Why time is flying

2011-06-29 00:00

COMMUNICATION is going to be the death of us if we don’t watch out.

Companies are simply going to have to start implementing procedures to prevent employees from burning out in their early 20s, because we simply cannot go on like this. I don’t think we were ever meant to.

Let me demonstrate what I am getting at.

I was chatting a while ago to an elderly woman in a queue where we were waiting to renew our annual motor car licences. It occurred to me that she would probably live to be 100 years old because unlike most of us who do our banking on our home computers via the Internet, she seemed very proud of the fact that she got into her car to go and draw money and then drove around town paying her accounts.

She didn’t have a cellphone or even an answering machine. She was not remotely interested in having a video recorder and didn’t watch satellite TV because she was so used to where SABC 1, 2 and 3 were on the remote.

She wrote letters to her children on paper and walked to the corner shops to post them. She got her son to print out e-mails and give her the piece of paper to read.
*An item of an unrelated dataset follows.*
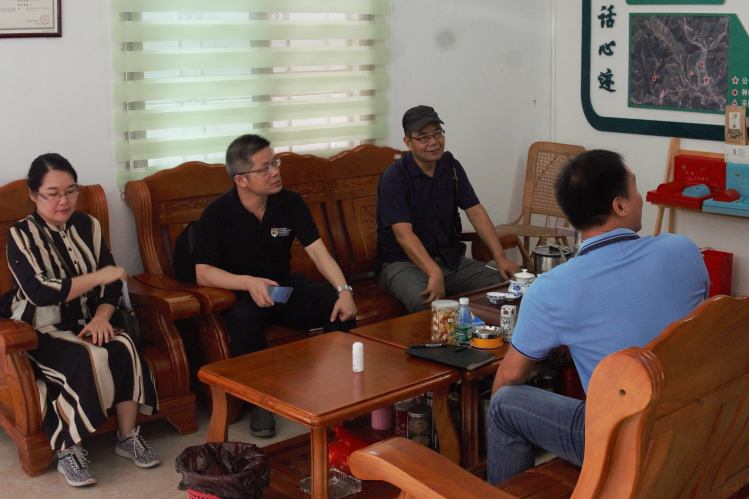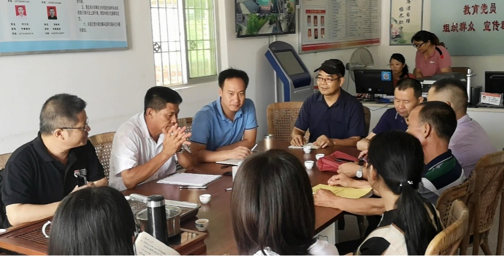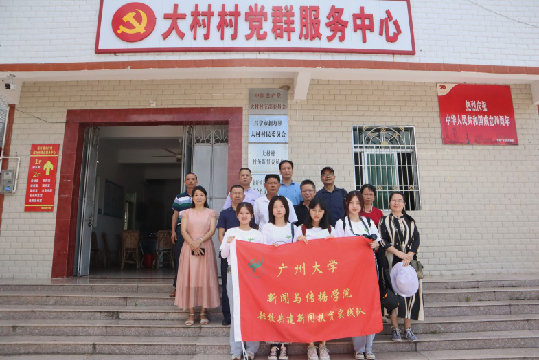 梅州新闻扶贫二队在田秋生院长、夏德勇教授和学工办高莹莹老师的带领下抵达兴宁市新圩镇大村村党群服务中心,广州天河区沙东街道办事处驻大村村第一书记郑狄杰及其他村委委员对队伍的到来表示热烈的欢迎,并介绍了大村村脱贫攻坚、建设美丽乡村取得的成效。田院长向村委会表明了新闻扶贫队伍的来意,夏教授就当地的脱贫攻坚工作向郑书记进行更多的了解。

On the other hand I, like many of my peers, do everything by cellphone, e-mail and via the Internet. Using Twitter I can get a news story from a journalist before it is even written. I can find out what’s happening in the world from social media before the TV cameras get there. Everything happens quickly and efficiently. Well, sometimes it doesn’t and that causes enormous stress.

Unlike that elderly woman in the licence queue, I don’t go to the bank anymore. I don’t seem to have the time to get in the car, look for parking and side-step crowds of shoppers.

I do it all over the Internet and if it takes more than two minutes for me to do my monthly banking chores I get as tetchy as a bulldog without a car to chase.

And, unlike the woman in the licence queue, I continually wonder why time is flying by so fast.

Admit it, you’ve also been very much aware that the long-awaited year 2000 went by in a flash. That it’s long gone, old hat. It seemed like yesterday, but it was 11 years ago.

Now, it’s not because we’re getting old that time seems to fly by so fast. My children and grandchildren are also beginning to complain about tempus fugitting at an incredible rate of knots.

What’s happening is quite simply that communication has sped up. We don’t have to have meetings anymore, we can have video conferences. We don’t have to wait for letters, we can get instant e-mails. We don’t have to return phone calls, we’re always available on our cellphones.

And it can’t possibly be good for us. Because even when we go on holiday the ubiquitous cellphones and laptops are so readily at hand it is almost impossible to resist the temptation to check up on what’s going on in the office.

I find I can’t even go to the bathroom in peace without taking my smartphone. I am not alone. This is the way of the world.

So, in addition to myriad other challenges business has to face, it is going to have to come to grips with this dangerous phenomenon because we’re getting to the point of doing business so quickly that we’re beginning to look like that movie comedian hanging onto the back of the train with his legs pounding away in a blur.

Just what is the answer? Its not simple, that’s for sure.

Communication is like a drug — it gets to become a habit that is almost impossible to break. Look around you when you are out and about, almost everyone has their ear glued to a cellphone.

And no company can expect its employees to look after themselves when it comes to taking a break from what has become a completely frenetic almost hysterical rat race.

They’re going to have to insist on frequent leave. Insist on laptops and cellphones being handed in before departure.

I have friends in the United States who have to take their laptops and cellphones on holiday and agree to check for e-mails and messages every day. That’s not a holiday, for heaven’s sake.

Am I beginning so sound a little hysterical about all this? I hope so, because business has a nasty reputation for simply ignoring things like HIV/Aids and anything else that is threatening and which is always seen as someone else’s problem.

This painful new disease, called communication, is our problem and it is going to bite us all badly before we know it.